На втором курсе он представился стилягой. Понимаете? Представился! Это было то же, что с церковью — просто на зло всем. Его на всех собраниях пробирали. Не исключили лишь потому, что он был отличник (это давалось ему без усилия, он же очень способный!). И потом, все знали: он не пил вина... к его великому сожалению, его сразу тошнит даже от домашней наливки. И курит он редко, только когда пристыжен — виноват в чем-нибудь. Это с ним бывает: чувство раскаяния.

— Почему ему всегда хотелось всех будировать? Не могу понять... что за удовольствие?

— Только со мной он никогда не кривлялся, был таким, как есть.

— А почему вы хотели с ним порвать? — поинтересовался Сперанский.— Ведь вы не один раз с ним расставались?

Обе женщины, не заметив когда, сбросили плед, и он упал на пол. Сперанский нагнулся и поднял.

— С ним очень тяжело, вы не представляете! — ответила Таня,— Он действует как-то угнетающе. Он во всем видит одно плохое. Всех подозревает в притворстве, корысти, хитрости, зле. Не знаю, верит ли он во что-нибудь. Наверное, ни во что не верит. Какое несчастье, что он... Он уже раз двести просил меня быть его женой... Из-за меня и на Север поехал. По совету отца. Но он бы не поехал, если бы не я.

— Вы его звали?

— Что вы, Сергей Николаевич! Я хотела убежать от него — не удалось! Я просто боюсь...

— Чего вы боитесь, глупенькая?

— Боюсь когда-нибудь уступить. Когда человек столько лет караулит...

— Будет вам! — недовольно оборвала Александра Прокофьевна и, легко поднявшись, подошла к приемнику. Она была высокая, худощавая, держалась уверенно — чувствовалось, что много занимается гимнастикой. Смолоду Александра Прокофьевна была некрасива, но к сорока годам выровнялась, похорошела. Ее хроническая ревность была тайной даже для мужа.

Резко зазвенел телефон. Звонили из больницы. Дежурный врач...

— Александра Прокофьевна, пожалуйста, приходите, сейчас же! Только что доставили Клоуна и Гусача... Пожалуйста, скорее!!!

4

Это мы с отцом доставили их обоих в больницу.

Мы только что говорили о них. Отец уверял, что Зиновий останется ночевать на Песчаном острове, потому что он осторожен и в пургу не поедет. Я ему возразил, что не останется ни за что, потому что завтра воскресенье и должна прийти Таня.

Мы еще немного поспорили об этом.

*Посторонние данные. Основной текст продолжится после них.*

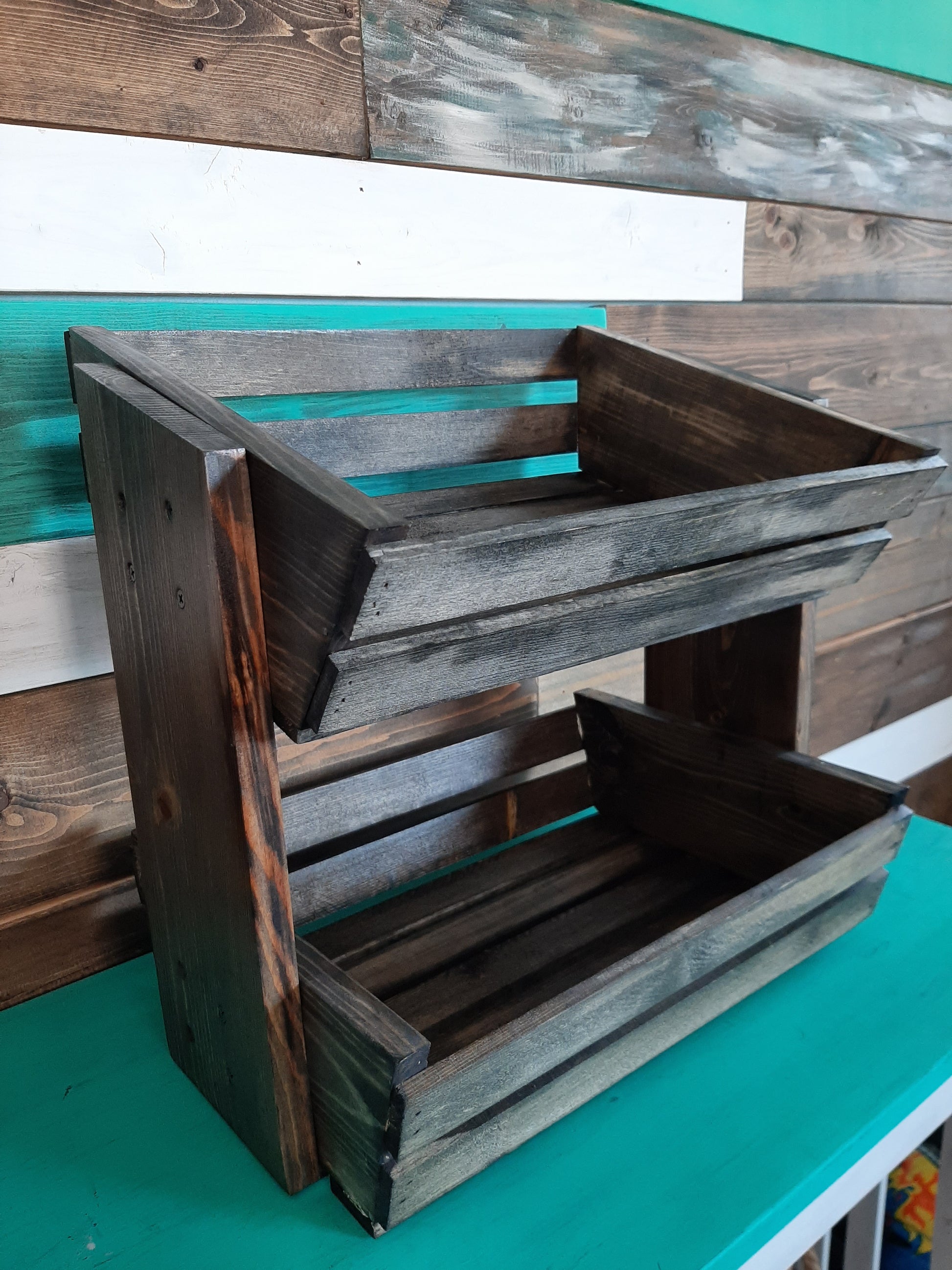 Our custom made to order Countertop Fruit/veggie stands are a great addition to your kitchen. We make them to fit your space and you can choose the finish.
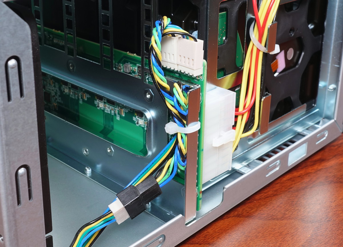 「QNAP TL-D800C / TL-D800S」は背面3か所のネジ止めを外し、外装パネルを後ろにスライドさせると、筐体内部にアクセスできます。ただし中には大したものはないので、上で説明したケーブルクリップの取り外しか、冷却ファンのメンテナンス・交換くらいでしか開くことはないと思います。

Отец делал на кухне книжную полку в подарок знакомым новоселам. А я сидел у плиты, дожидаясь, когда вскипит чайник. Ветер за бревенчатыми стенами прямо-таки бесновался, завывал, как гиена, и каждую минуту загонял дым обратно в трубу.

В кухне было довольно дымно и щипало глаза.

Когда постучали в дверь, я почему-то ужасно испугался и со всех ног бросился отпирать.

Так и есть — это был Зиновий. Он держал на руках Клоуна. Их совсем замело снегом. Зиновий едва вошел, положил Клоуна на пол. Я сам раздел Клоуна и перенес на папину постель. Я не понял, в сознании он или нет: глаза смотрели, но были какие-то неподвижные, словно он смотрел далеко. Ясно, его надо везти в больницу, мы здесь ничем не поможем.

Я только хотел это сказать, но, обернувшись, увидел, что отец хлопочет около Зиновия. Зиновий пытался улыбнуться, пошутить, как всегда, но не мог: обессилел.

Мы его раздели, дали выпить вина, того самого, которое приготовили к приходу Тани. Я снял с него сапоги и надел ему на ноги домашние шлепанцы, как вдруг услышал:

— Ты же обморозил руки! — воскликнул отец с ужасом. Я предложил растирать их снегом, но отец сказал, что это устарело — нужно, наоборот, тепло. Он налил в бак теплой воды и заставил опустить туда обе руки. Как я заметил, руки были очень бледные, словно у покойника. Отец стал их легонько растирать в воде. Парили, а когда осторожно вытерли чистой байкой, увидели, что руки покрылись сине-багровыми и фиолетовыми пятнами. Зиновий морщился, ему было больно.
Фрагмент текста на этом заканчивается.